Trump II oder Obama 2.0 – was hat die Region zu erwarten?

Lateinamerika ist für die USA wichtiger geworden. Deswegen passt Washington seine Politik gegenüber der Region an. Dieser Prozess wird anhalten – egal, ob der nächste Präsident Biden oder Trump heißt. Doch auch einige Regierungen in Lateinamerika werden sich umstellen müssen, wenn es zum Wechsel kommt.

von Alexander Busch, Lateinamerika-Korrespondent für Handelsblatt und NZZ

 

Die Wahlen in den USA sind in Lateinamerika bisher kein großes Thema. Dazu sind die Pandemie und die wirtschaftliche Krise zu dominierend für die meisten Menschen. Dennoch beginnen sich die Regierungen und Politik immer mehr mit den politischen Szenarios nach den Wahlen im Norden zu beschäftigen. Interessant ist dabei, wie deutlich sich das Verhältnis zwischen den USA und Lateinamerika in den letzten Jahren geändert hat. Und zwar für beide Seiten.

„Cuba, Cocaine und Chávez“ waren viele Jahre die einzigen Themen, welche die USA in Lateinamerika aufmerksam verfolgten – so erklärten US-Diplomaten das lange Zeit eher schwache Interesse Washingtons an der Region. Das hat sich geändert: Zwar sind Venezuela und Kuba weiterhin Krisenherde mit geopolitischen Konfliktpotenzial vor der Haustüre. Doch China und Immigration sind zu wichtigeren Themen der US-Innenpolitik geworden – und haben direkt und indirekt viel mit Lateinamerika zu tun.

Zu China erwarten die meisten Experten die größte Kontinuität auch nach einem Machtwechsel in Washington.
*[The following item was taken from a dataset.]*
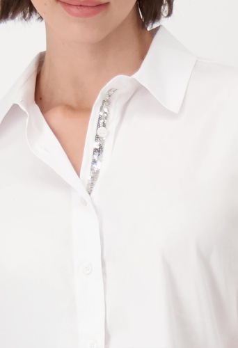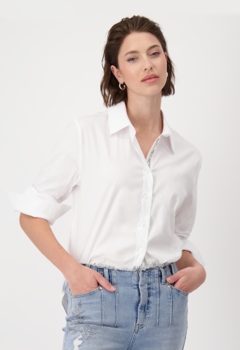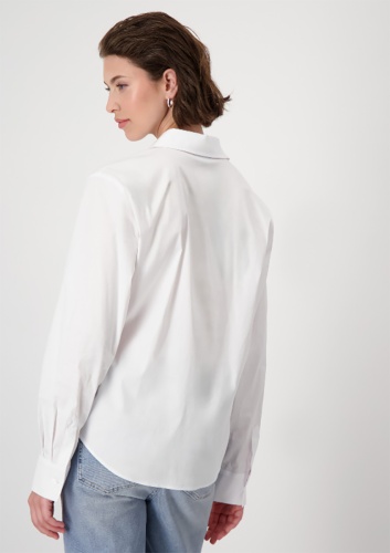 Модная блузка Monari из эластичного блузочного материала. Модель с рубашечным воротником и удлиненным изогнутым краем.

Dessen Offensive als Handelspartner und Investor in Lateinamerika beobachten die USA seit kurzem genau. Unter Trump haben sie Geschütze in Stellung gebracht: Sie kontrollieren nun auch personell die Interamerikanische Entwicklungsbank als einen der wichtigen Finanziers in der Region. Auch die neu benannte International Development Finance Corporation dürfte wichtiger werden bei der Kreditvergabe.

Unklar ist, wie die USA künftig mit Staaten umgehen werden, die sich weiterhin von China finanzieren lassen oder etwa Huawei als Ausrüster für das Telekomnetz zulassen. Unter Trump könnte es vermutlich eher zu Strafmaßnahmen (wie Zöllen) kommen als unter Biden.

Sowohl unter Biden als auch Trump werden Mexiko und die Karibik von der Verlagerung der Lieferketten aus China als neue Standorte für US-Zulieferer profitieren. Das gilt abgeschwächt auch für die südamerikanischen Pazifik-Allianz Staaten wie Chile, Peru, Kolumbien.

Beim Thema Immigration werden jedoch von einer Biden-Regierung neue Akzente erwartet, etwa durch weniger strenge Immigrationsregeln oder Abschiebepraxis. Das würde Mexiko und die Karibik begünstigen. Hohe oder wachsende Rücküberweisungen aus den USA durch die Emigration würde innenpolitisch den Druck in diesen Ländern reduzieren.

Neu einstellen müssten sich die lateinamerikanischen Regierungen unter Biden bei den Themen Umwelt, Klima sowie Menschenrechte. Die wären wieder Leitlinien der Außenpolitik. Das gilt einerseits für Staaten wie Mexiko, wo die Demokraten unter Biden stärker auf gleiche Arbeitsbedingungen und -standards pochen könnten, etwa für das USMCA, dem seit Juli dieses Jahres geltende Nafta-Folgeabkommen.

Aber vor allem wird es Brasilien treffen, wenn Biden auf den Kurs der EU einschwenkt und Standards bei Umwelt und dem Amazonasschutz aber auch bei Themen wie der Genderpolitik einfordert. Brasilien wäre dann bald ziemlich isoliert in der Welt.